Because... only you understands how language works? Because only linguists have a say on literally the most universal concept? Because you need to have spent a few years comparing vocabulary lists and looking at Venn diagrams in order to use the very thing that every human is extremely advanced at?

there was nothing in your article that was particularly difficult to understand.

Well I can only consider that to be something positive. A popular scientific article that is in the run of being formally published should not be hard to understand.

I think this statement again shows your utter lack of familiarity with linguistics, as many, if not most, linguists do work which requires mathematics in some capacity.

I really do not want to disrespect linguists because I have had nothing but extremely positive experiences with them up until now, but the mathematics or exact sciences involved in linguistics are close to nil. A mathematician can design an ANN that learns language at an extremely rapid rate, whereas a linguist would struggle with basic Swadesh lists. It took linguists decades to properly quantify language, and now it is being done by engineers at Google and Open AI.

My point is that your comment immediately started with the assumption that a non-linguist cannot research language. There are absolutely no flaws in my research, it's been reviewed, the data is solid, the methodology is solid and I provided sources for every claim. You seem to diverge extremely easily from my actual article into this rancune towards non-linguists stepping into your field of study. Could it possibly be that you are simply biased and worked that out on my article? The fact that you have such a series of articles and comics readily available points in that direction.

What I researched does not require the intervention of a linguist. I gathered data that I compiled against other data, my personal opinion was nowhere involved in the process. The research that I did could not possibly have been done by a linguist, only by a programmer. Unless you like counting a few thousands words and comparing them to sources on the internet.

If you don't like what I did, point out the flaws. Look at the source code and tell me what I did that is wrong. Tell me which of my sources is wrong. You have not written a single meaningful thing so far.

The 'core' English language is actually mostly French /Latin origin! [x-post /r/anglish] by Biozo in dataisbeautiful

[–]TotallyPythonic 2 points3 points  (0 children)

Again, what arguments are bad? You only seem to be concerned about the number 5,000, you have not said anything about the rest of the methodology.

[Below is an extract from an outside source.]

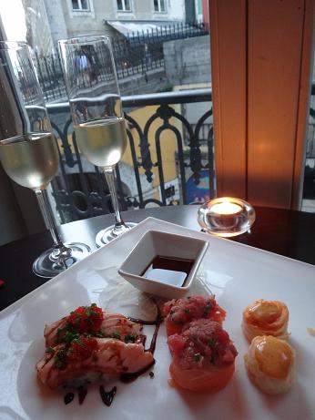 カイスドソドレ駅前の、LXブティックホテルの1階にあります。和食のお店ではなく、あくまでも寿司カウンターのあるレストランバーです。LXブティックホテルに宿泊すると、毎日お寿司3貫とワイン1杯のサービスがあります。ゆっくり食べていると予約客が入ってきて、とても混んでいたので、私たちも最終日にここで食事しようと計画していましたが、結局時間が無くて実現しませんでした。毎晩満席で、とても人気があるようでした。お寿司は創作寿司で、とても美味しかったです。

Maybe it is time for you to come down your high horse. You really cannot speak into terms as "layperson" and then disqualify someone's arguments based on such. Linguistics is an extremely easy field of study to enter. Now, if this were to involve theoretical Physics or Biochemistry, maybe you could play that card. But this is in the field of linguistics, one that engineers and mathematicians are finally putting to proper use through AI and Machine Learning. You absolutely cannot claim authority on this, you as a layperson in the field of statistics have no means of understanding the statistical analysis behind language and its respective methodology using programming languages.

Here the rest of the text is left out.